オープンイノベーション塾、第2回は海外協業の知財戦略を情報発信

(世界)

イノベーション促進課、知的財産課

2021年02月24日

ジェトロは、海外のスタートアップエコシステムの情報や、グローバルな協業をする際の知財面と契約面の留意点などの情報を提供するセミナーシリーズ「オープンイノベーション塾」を開催している。

2月17日に開催した第2回では、経営戦略アドバイザリーファームのシクロ・ハイジアの代表取締役CEO(最高経営責任者)小林誠氏を講師に迎え、海外との協業・連携における知財戦略の基本について情報提供した。

前半の講演で小林氏は、海外企業との協業に向けた契約交渉に当たり、相手を対等な関係として認識するなど自社の交渉姿勢に留意することや、事業化に向けた役割分担を意識して交渉することなどを重要な点として挙げた。
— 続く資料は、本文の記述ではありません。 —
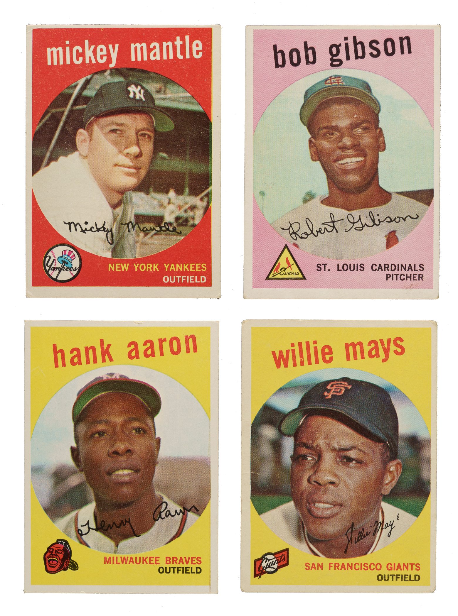 Very attractive and consistent complete set of 1959 Topps Baseball. The 1959 Topps set is highlighted by all the stars and Hall of Famers of the era, including the rookie card of St. Louis Cardinal Hall of Famer Bob Gibson. Condition is 30% Ex to Ex-Mt (including a few Nr/Mt), 62% Vg to Vg-Ex, and 8% lesser (including a couple with a slight miscut). Keys: #1 Frick (Fr), 10 Mantle (Vg+), 20 Snider (Vg-Ex), 40b Spahn (Vg+), 50 Mays (Vg), 150 Musial (Pr due to staple holes), 163 Koufax (partially erased pen marks on reverse, otherwise Vg), 180 Berra (Vg), 202 Maris (10/90 L/R, otherwise Nr/Mt+), 212 Fence Busters (Vg), 317 NL Hitting Kings (Pr), 322a Hanebrink/no trade statement (Ex), 338 Anderson RC (Vg-Ex), 350 Banks (Ex), 360 Kaline (Vg-Ex), 380 Aaron (Vg), 387 Drysdale (pencil on reverse, otherwise Vg+), 430 Ford (Vg-Ex+), 435 F. Robinson (Vg+), 439 B. Robinson (Gd), 450 Mathews (100/0 L/R, otherwise Vg), 461 Mantle Homer (Ex+), 464 Mays' Catch (Vg), 467 Aaron Clubs Homer (Vg+), 478 Clemente (Vg+), 509 Cash RC (Vg), 510 Yankees Team (2/98 T/B, otherwise Vg-Ex), 514 Gibson RC (Vg+), 515 Killebrew (Gd), 543 Corsair Outfield Trio w/ Clemente (0/100 T/B, otherwise Ex-Mt), 550 Campanella (95/5 L/R, otherwise Vg+), 559 Banks AS (Gd), 561 Aaron AS (partially erased marks on reverse, otherwise Vg), 563 Mays AS (Vg), 564 Mantle AS (Vg-Ex), and 571 Spahn AS (Vg+). Attractive mid-grade complete sets of classic issues from the 1950s such as this always generate tremendous collector interest. This is the type of vintage set that, to many collectors, represents the very best value. Total: 572 cards.

また、契約締結に当たっては、例えば、共同開発した技術の使用を制限する条項が秘密保持契約(NDA)に含まれていないかなど、契約の細かい条項にも十分な注意を払うことの必要性を説明した。さらに、日本ではまれだが、海外とのライセンス契約で入ることの多いロイヤリティー監査に関する条項や、紛争解決手段として裁判外紛争解決手続き(ADR)に関する条項の検討が必要な点など、海外企業との契約に特徴的な留意点も多面的に説明した。

後半のオープンディスカッションでは、視聴者の質問やアンケートも踏まえ、講師との議論が行われた。バックグラウンドIP(注)の取り扱いなど、交渉時の知財面の調整で時間を要するという課題については、迅速な意思決定のために、知財担当を早い段階で交渉に関与させることや、意思決定の権限をなるべく現場に移譲しておくこと、自社が何をしたいのかを交渉相手にしっかり伝えることが重要だと強調された。また、海外の大学との協業・連携の際には、国内の場合よりも、事業化の日程や得られる利益に関する情報といった具体的な事業計画の説明が求められるなど、よりビジネス目線で交渉に当たる必要性が指摘された。

オープンイノベーション塾は、3月には、シリコンバレーで長らく投資、事業提携に取り組む日米の有識者を講師に迎え、シリコンバレー編外部サイトへ、新しいウィンドウで開きますを開催する予定だ。

写真 小林誠氏による講演の様子(ジェトロ撮影)

小林誠氏による講演の様子(ジェトロ撮影)

(注)「バックグラウンドIP」とは、協業・連携する事業の参加者が協業・連携の開始前から保有していた知的財産権や、協業・連携の開始後に当該事業の実施とは関係なく取得した知的財産権をいう。